Kenangan tentang ayah muncul tidak sebagai gambar, tetapi sebagai sensasi, bahunya yang diam terlalu lama di ambang pintu, pandangannya yang menembus hujan menuju sesuatu yang tak pernah kulihat, dan keheningannya yang bukan kosong, tetapi penuh dengan sesuatu yang tertahan.
Dulu kukira itu kelelahan. Kini, di bawah langit yang sama yang pernah ditatapnya, aku paham. Itu bukan kelelahan. Itu adalah mendengar. Mendengar panggilan dari tempat yang terlalu jauh untuk dijangkau, dan terlalu dekat untuk diabaikan.
Jika Jinglan adalah buaian, maka inilah saatnya tubuh yang telah memanjang merasakan setiap anyaman bambu itu mulai mengikat, bukan melindungi.
Buaian itu sendiri yang mendorong pelan, bukan dengan kata-kata, tetapi dengan diamnya yang semakin sempit.
Aku menarik napas. Udara yang masuk terasa berbeda, lebih ringan, seolah ruang di dadaku tiba-tiba membesar.
Untuk pertama kalinya, pilihan tidak terasa seperti batu di leher, tetapi seperti angin di telapak tangan. Bisa dirasakan, tapi tak perlu dicekam.
Aku berdiri saat langit di barat menghanguskan diri sendiri menjadi lembayung. Kaki-kaki yang kaku pelan-pelan melurus, tanah liat kering berhamburan dari jemari, kembali ke bumi seperti debu. Beberapa hal memang harus berakhir sebagai apa adanya.
Jinglan malam ini tidak berubah. Atap yang sama, pohon yang sama, jalan yang sama. Namun, mataku yang melihatnya telah bergeser satu derajat. Dan, satu derajat itu telah mengubah segalanya.
Aku turun dari atap. Langkahku membawaku tanpa arah, menyusuri batas sawah yang gelap. Malam menyelimuti dengan mantelnya yang berbintik-bintik kunang-kunang. Di balik nyanyian jangkrik dan desau padi, telingaku mulai menangkap sesuatu yang lain, ruang kosong di antara semua bunyi itu, ruang yang cukup luas untuk sebuah pertanyaan besar lahir dan beranjak dewasa.

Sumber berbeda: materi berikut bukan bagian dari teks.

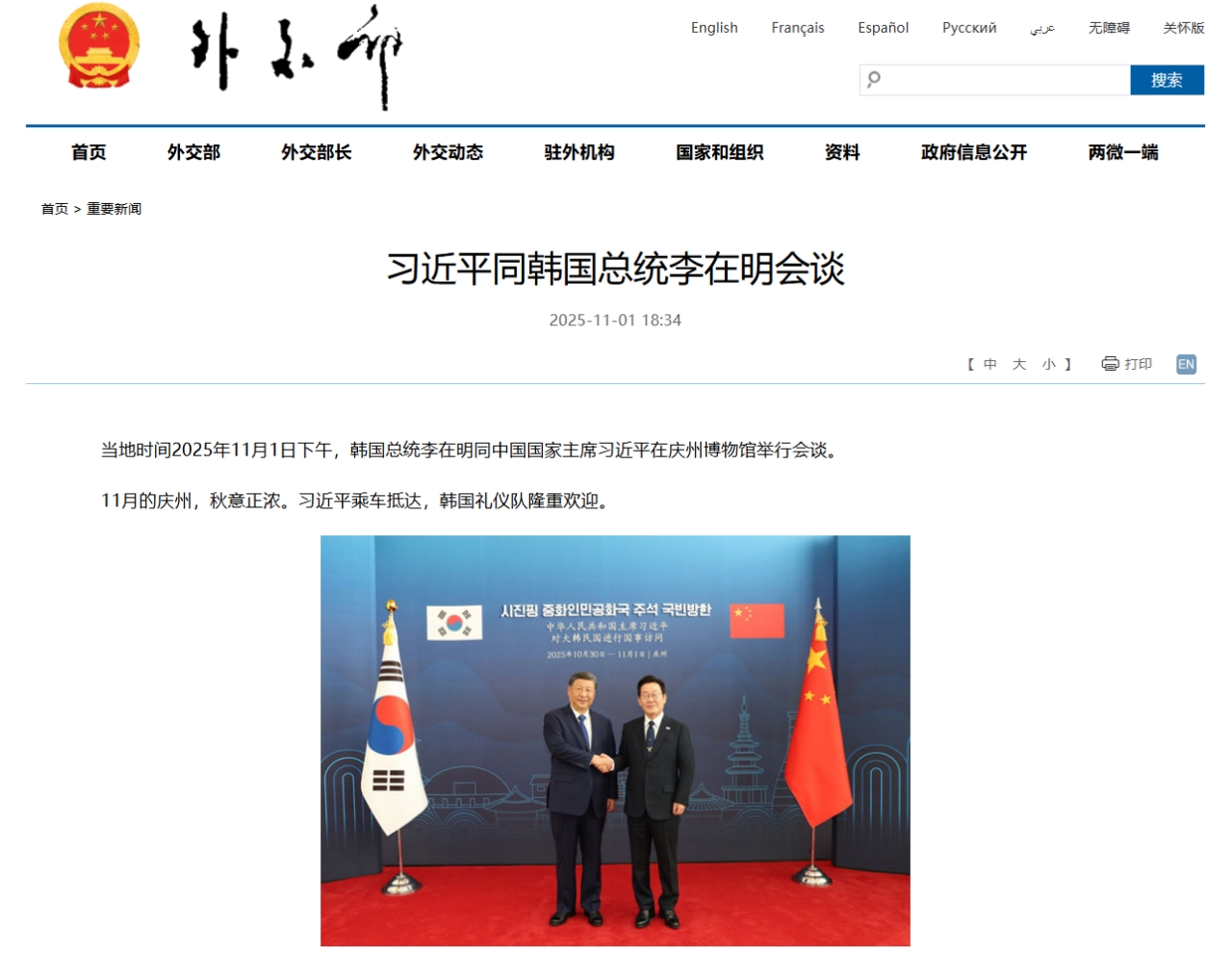 ⇒参照・引用元:『中国 外交部』公式サイト「习近平同韩国总统李在明会谈」
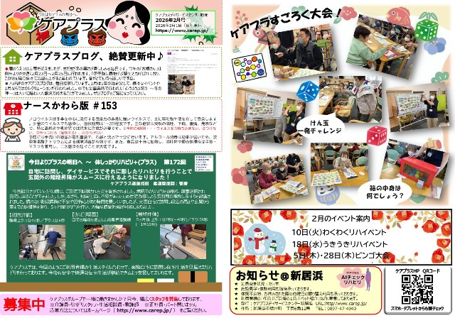 今回のブログはいかがだったでしょうか?ケアプラスデイサービスセンター新居浜では、季節に合わせたイベントやレクリエーション活動を行っております。
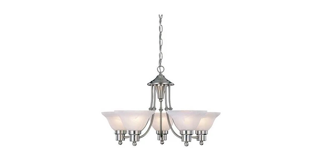 Slickblue 5-Light Brushed Nickel Chandelier with Frosted Glass Shades for Elegant Lighting
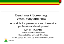 Benchmark Screening: What, Why and How A module for pre-service and in-service professional development MN RTI Center Author: Lisa H. Stewart, PhD Minnesota State University Moorhead www.scred.k12.mn.us click on RTI Center MN RtI Center 1 MN RTI Center Training Modules This module was developed with funding from the MN legislature It is part of a series of modules available from the MN RTI Center for use in preservice and inservice training: Module Title Authors 1. RTI Overview Kim Gibbons & Lisa Stewart 2. Measurement and RTI Overview Lisa Stewart 3. Curriculum Based Measurement and RTI Lisa Stewart 4. Universal Screening (Benchmarking): (Two parts) Lisa Stewart What, Why and How Using Screening Data 5. Progress Monitoring: (Two parts) Lisa Stewart & Adam Christ What, Why and How Using Progress Monitoring Data MN RtI Center 6. Evidence-Based Practices Ann Casey 7. Problem Solving in RTI Kerry Bollman 8. Differentiated Instruction Peggy Ballard 9. Tiered Service Delivery and Instruction Wendy Robinson 10. Leadership and RTI Jane Thompson & Ann Casey 11. Family involvement and RTI Amy Reschly 12. Five Areas of Reading Kerry Bollman 13. Schoolwide Organization Kim Gibbons 2 Overview This module is Part 1 of 2 Module 1: Benchmark Screening: What, Why and How What is screening? Why screen students? Criteria for screeners/what tools? Screening logistics Module 2: Using Benchmark Screening Data MN RtI Center 3 Assessment: One of the Key Components in RTI Curriculum and Instruction Assessment School Wide Organization & Problem Solving Systems (Teams, Process, etc) MN RtI Center 4 Adapted from Logan City School District, 2002 Assessment and Response to Intervention (RTI) A core feature of RTI is identifying a measurement system Screen large numbers of students Identify students in need of additional intervention Monitor students of concern more frequently 1 to 4x per month Typically weekly Diagnostic testing used for instructional planning to help target interventions as needed MN RtI Center 5 Why Do Screening? Activity What does it mean to “screen” students? Why is screening so important in a Response to Intervention system? (e.g., what assumptions of RTI require a good screening system?) What happens if you do NOT have an efficient, systematic screening system in place in the school? MN RtI Center 6 Screening is part of a problem-solving system Helps identify students at-risk in a PROACTIVE way Gives feedback to the system about how students progress throughout the year at a gross (3x per year) level If students are on track in the fall are they still on track in the winter? What is happening with students who started the year below target, are they catching up? Gives feedback to the system about changes from year to year Is our new reading curriculum having the impact we were expecting? MN RtI Center 7 What Screening Looks Like in a Nutshell School decides on brief tests to be given at each grade level and trains staff in the administration, scoring and use of the data Students are given the tests 3x per year (Fall, Winter, Spring) Person or team assigned in each building to organize data collection All students are given the tests for their grade level within a short time frame (e.g., 1-2 weeks or less). Some tests may be group administered, others are individually administered. Benchmark testing: about 5 minutes per student, desk to test (individually administered) Administered by special ed, reading, or general ed teachers or paras Entered into a computer/web based reporting system by clerical staff Reports show the spread of student skills and lists student scores, etc. to use in instructional and resource planning MN RtI Center 8 Example Screening Data: Spring Gr 1 Oral Reading Fluency 10/51 (20%) high risk 22/51 (43%) some risk 19/51 (37%) low risk: on or above target Class lists then identify specific students (and scores) in each category MN RtI Center DRAFT May 27, 2009 9 Screening Data Gives an idea of what the range of student skills is like in your building and how much growth over time students are making MN RtI Center DRAFT May 27, 2009 10 Screening Data can be linked to Progress Monitoring The goal is to have a cohesive system. If possible, use the same measures for both screening and progress monitoring (e.g, CBM). MN RtI Center Screen ALL students 3x per year (F, W, S) Strategic Support and Monitoring Students at Some Risk Intensive Support & Monitoring for Students at Extreme Risk 11 A Smart System Structure School-Wide Systems for Student Success Academic Systems Behavioral Systems Intensive, Individual Interventions •Individual Students •Assessment-based •High Intensity •Of longer duration 5-10% 10-15% Targeted Group Interventions •Some students (at-risk) •High efficiency •Rapid response Universal Interventions •All students •Preventive, proactive 75-85% Intensive, Individual Interventions •Individual Students •Assessment-based •Intense, durable procedures 5-10% 10-15% Targeted Group Interventions •Some students (at-risk) •High efficiency •Rapid response 75-85% Universal Interventions •All settings, all students •Preventive, proactive MN RtI Center 12 Terminology Check Screening Universal Screening Collecting data on all or a targeted group of students in a grade level or in the school Same as above but implies that all students are screened Benchmarking Often used synonymously with the terms above, but typically implies universal screening done 3x per year and data are interpreted using criterion target or “benchmark” scores MN RtI Center 13 “Benchmark” Screening Schools typically use cut off or criterion scores to decide if a student is at-risk or not. Those scores or targets are also referred to as “benchmarks”, thus the term “benchmarking” Some states or published curriculum also use the term benchmarking but in a different way (e.g., to refer to the documentation of achieving a specific state standard) that has not
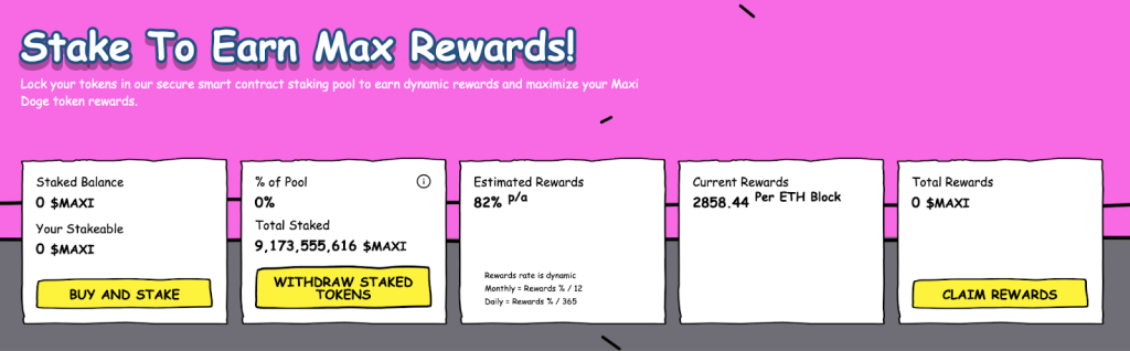 In less than three months, Maxi Doge has already raised nearly $4 million in funding, averaging over $1 million per month. Even more impressive, around 6% of its total supply – more than 9 billion MAXI tokens – are already staked in its native protocol, earning up to 84% dynamic APY.
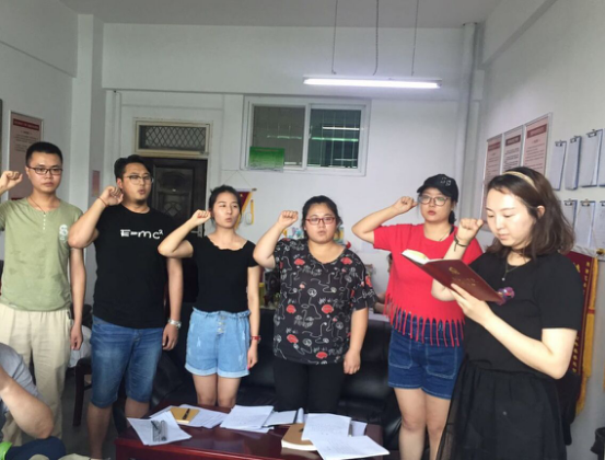 最后,在全体党员的鉴证下,在武嬿老师的带领下,全体预备党员起立,举起右手,握紧拳头,面对鲜艳的党旗庄严宣誓。全体预备党员激情澎湃的宣读入党誓词,激昂的声音、铮铮的誓言,深切的表达了对党的无限忠诚,明确了自己的责任使命,坚定了永远为共产主义事业奋斗终生的决心。余音不绝,经久不息的宣誓声音响彻整个会议室,将青年党员的风华正茂展现得淋漓尽致。
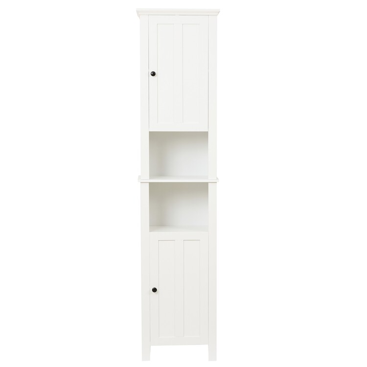 LuxenHome White MDF Wood 67-Inch Tall Tower Bathroom Linen Cabinet
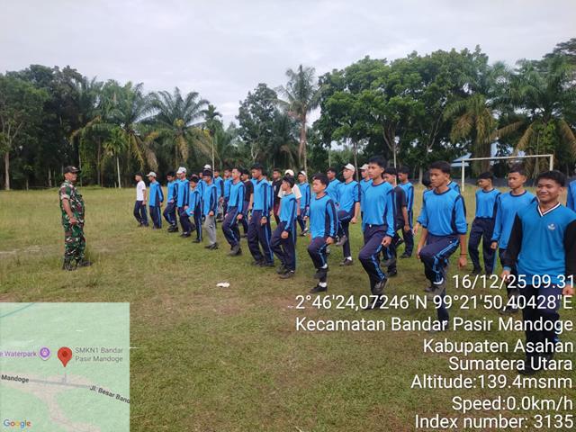 Asahan  |  Dalam rangka untuk membentuk sikap, kedisplinan, kekompakan, loyalitas dan kepedulian, rasa persatuan dan rasa tanggung jawab sejak dini adalah bagian dari bentuk keperdulian para Babinsa dengan memberikan pelatihan dasar Peraturan Baris Berbaris, dalam kesempatan ini seperti yang dilakukan oleh Personel Bintara Pembina Desa (Babinsa) Koramil 14/Bandar Pasir Mandoge jajaran Kodim 0208/Asahan Serka L Siringo ringo turun kewilayah binaan untuk melaksanakan kegiatan memberikan pelatihan kepada siswa dengan memberikan pelatihan PBB (peraturan baris berbaris) kepada Siswa siswi yang ada diwilayah binaan, Latihan Baris Berbaris kepada Siswa/i SMK N 1 Bandar Pasir Mandoge bertempat dusun V Desa Bandar Pasir  Mandoge. Adapun tujuan Latihan baris berbaris ini untuk menumbuhkan disiplin Siswa /i dan membentuk jiwa korsa mereka, bersama dengan Bapak Kepala Sekolah dan Bapak Siswa/i SMK N1, kegiatan tersebut yang dilaksanakan bertempat di Lapangan SMK N 1 Desa Bandar Pasir Mandoge Kecamatan Bandar Pasir Mandoge Kabupaten Asahan, Selasa (16/02/2025).
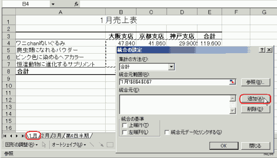 まずは1月のシートを選んで、集計するデータの範囲を指定していきます。
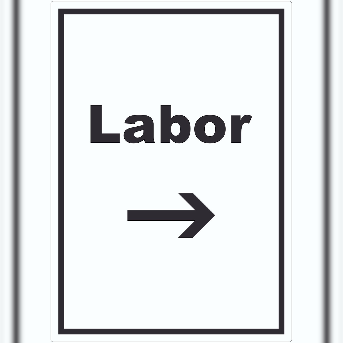 HB-Druck Labor Aufkleber mit Text und Richtungspfeil rechts untersuchen forschen hochkant A2 (420x594mm)
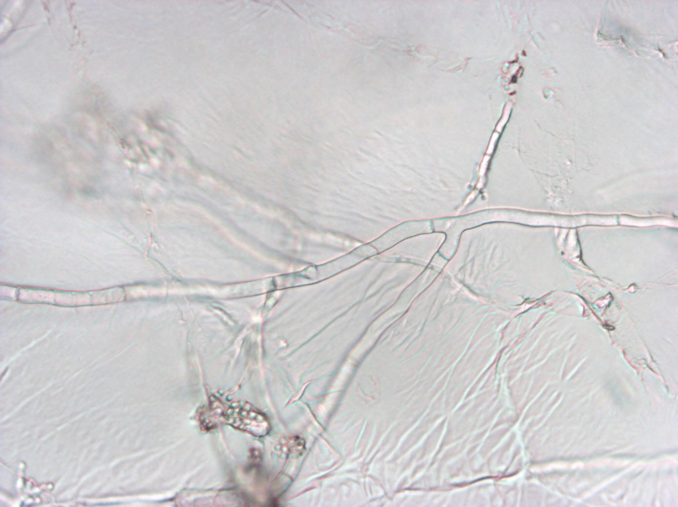 : Croissance mycélienne de Sclerotium cepivorum sur milieu SNA. Hyphe septé montrant un embranchement dichotomique.
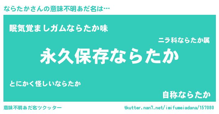 | ヘコむあだ名 | 『ならたか(笑)』『ならお』『豆乳』 |
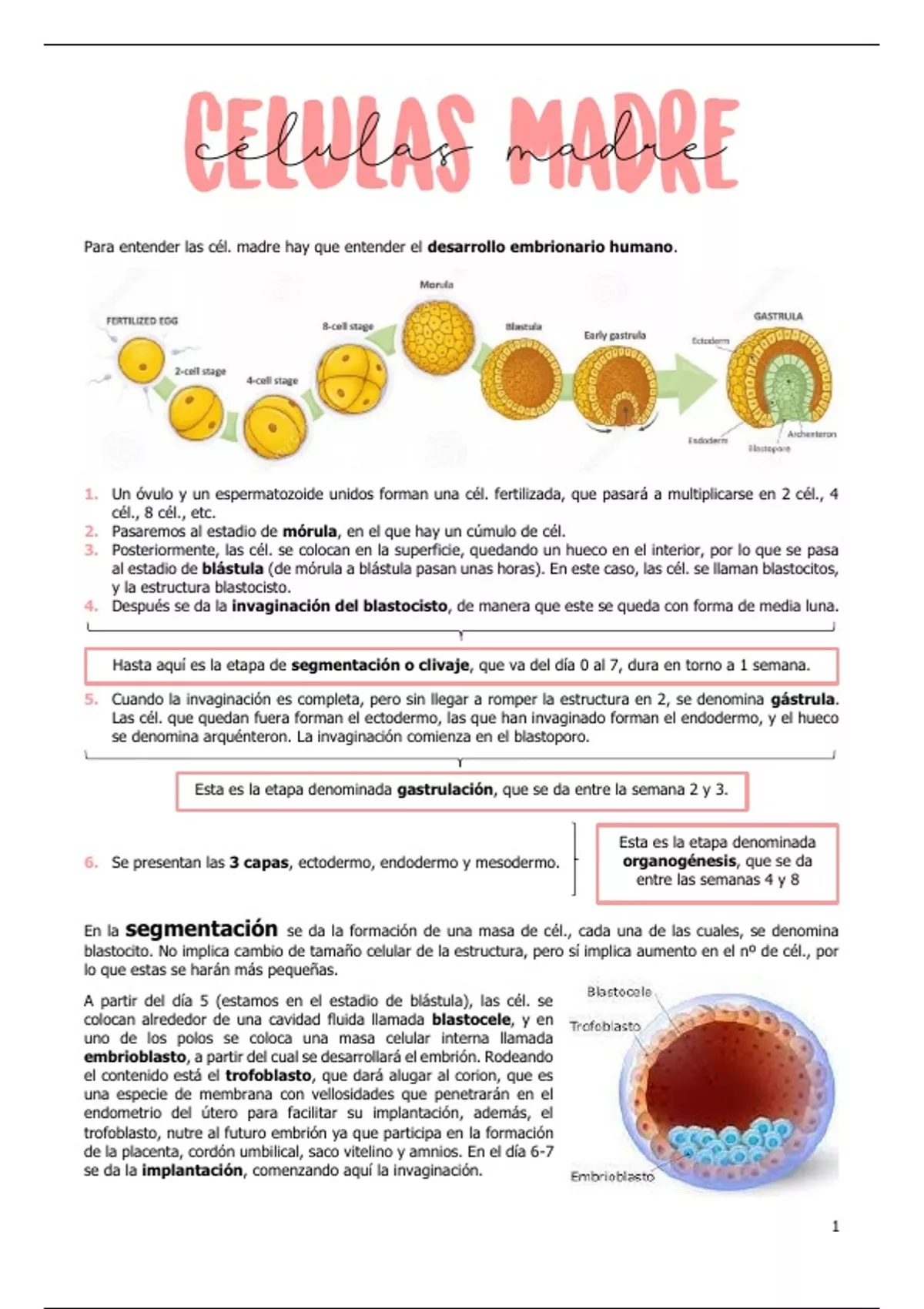 Para entender las cél. madre hay que entender el desarrollo embrionario humano.
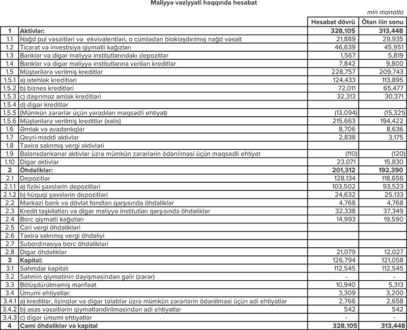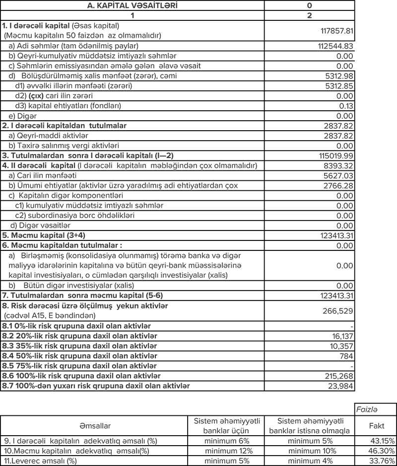 Bankın ümumi kapitalı isə keçən ilin müvafiq dövrü ilə müqayisədə 4.7% artaraq 126.8 milyon manat təşkil edib.
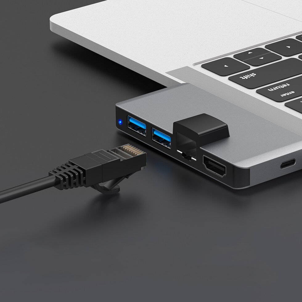 Концентратор Rocketek USB 3.0 Type-C 4K HD Адаптер Rj45 Gigabit Ethernet 1000 Мбит / с TF / SD Card Reader PD
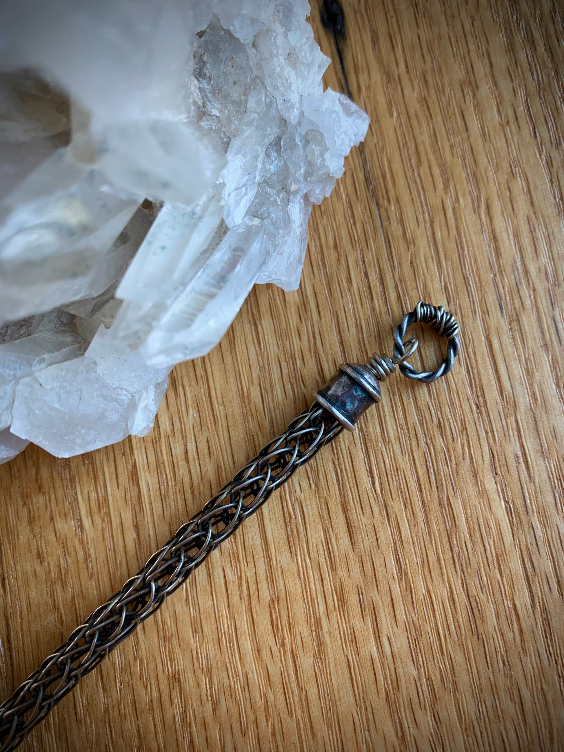 Viking knit is also known as Trichinopoly chain. The technique for making this kind of chain was known to and used by Viking Age Norse, but similar wire weaving has also been found in Greek, Roman, and Byzantine as far back as the 1st century BCE. The technique is essentially a weaving of wire in a circle tube like pattern and then pulled through a draw plate to elongate the design. Even though it is one continuous piece of wire, this technique creates a rather flexible and aesthetically dynamic design.
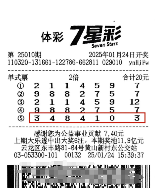 张先生的中奖票是在春节前购买的,来自7星彩第25010期。1月24日下午,他在徐州3203053300体彩站点购买了一张20元的7星彩单式票。该票包含5注号码,并进行了2倍投注。最终,其中一注号码“3 4 8 4 1 0 + 3”完美匹配当晚开奖的7星彩第25010期中奖号码,成功命中一等奖2注,每注奖金500万元,单票总奖金1000万元。
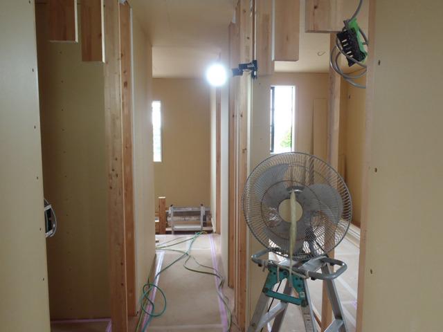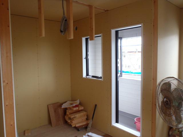 ・軒天塗装ありがとうございます。 ・内部木工事2階壁下地合板、プラスターボード貼りを進め 各部屋が間仕切りられてきました。 開口御枠組立・取付 ながら枠取り合い壁ボード納めていきます。 ・当社、夏季休暇を11日より17日まで頂きます。
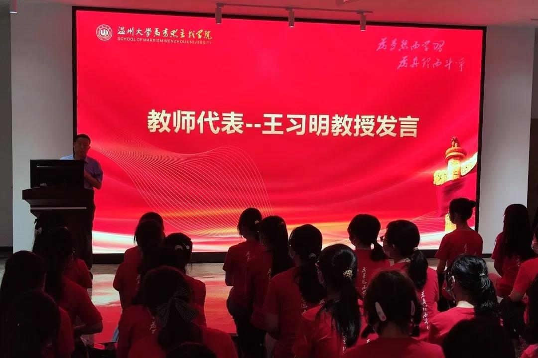 王习明教授作为国产传媒 教师代表对思想政治教育专业以及马克思主义理论硕士和学科教学思政硕士进行了优势分析,并对马院雄厚的师资力量进行了介绍。王教授提及国产传媒 在学科建设上取得的一系列优秀成果,分享了马院的优秀教师们立德树人、为国育才的点滴,更与同学们分析了专业的发展前景,再次肯定同学们选择加入马院是符合时代发展趋势的正确选择。
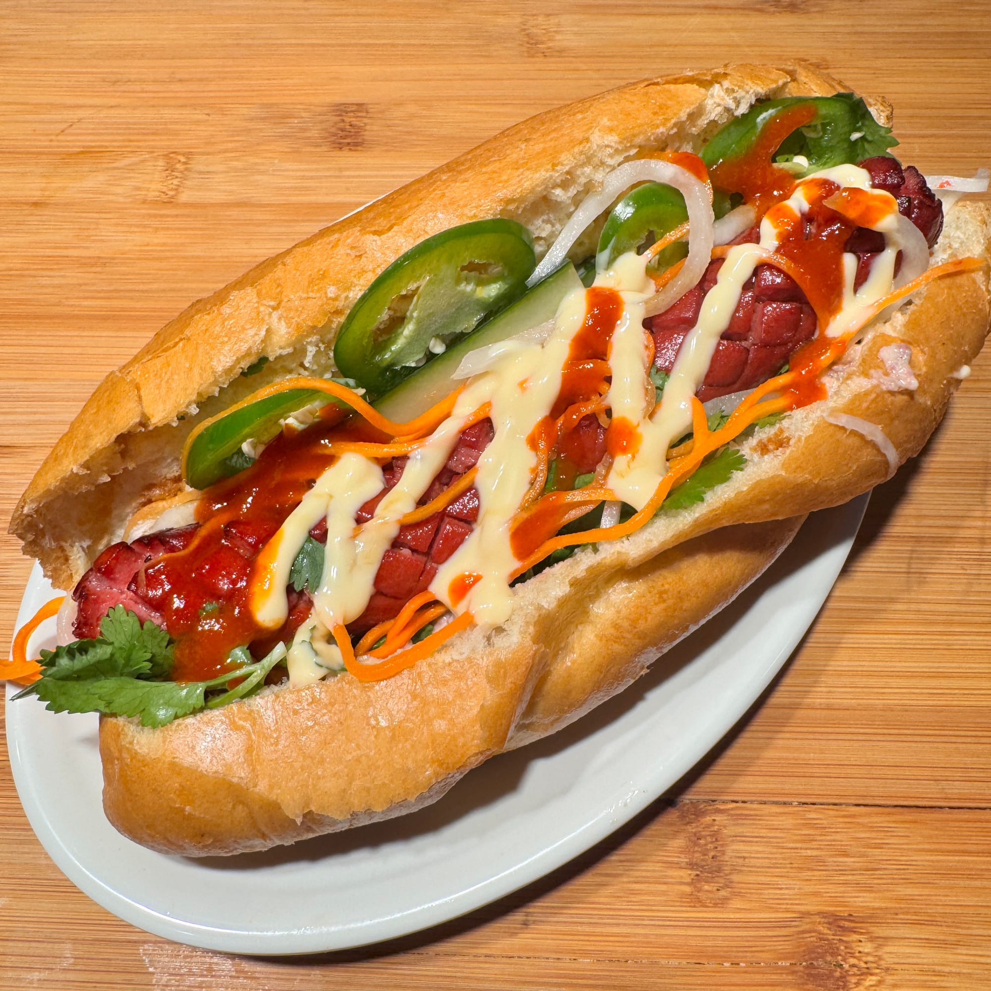 It would be hard for me to get the meat exactly right; they used a traditional combination chả lụa sausage, ground pork and pâté that I could go mad trying to procure here in Kentucky. Instead, I'd steer into heresy, grilling up some slot-cut hot dogs and surrounding them with all the accoutrements of my long-lost sandwich love.

Lalu, dari balik punggung bukit barat, di mana matahari telah tenggelam meninggalkan bekas luka ungu di langit, datanglah angin.
Bukan angin Jinglan yang membawa aroma lumpur dan bunga jidan hua. Ini angin yang lebih kasar, lebih kering, membawa di dalam lipatannya sesuatu yang menusuk, bau logam berkarat, debu jalanan yang terinjak-injak oleh sepatu boot, dan asap kayu yang bukan berasal dari perapian rumah.
Napasku terhenti sejenak.
Di sana, di kejauhan gelap itu, dunia yang bukan Jinglan baru saja membuka mulutnya dan mengembuskan napasnya ke wajahku. Dan untuk pertama kalinya, aku tidak hanya mendengar panggilannya.
Aku menciumnya.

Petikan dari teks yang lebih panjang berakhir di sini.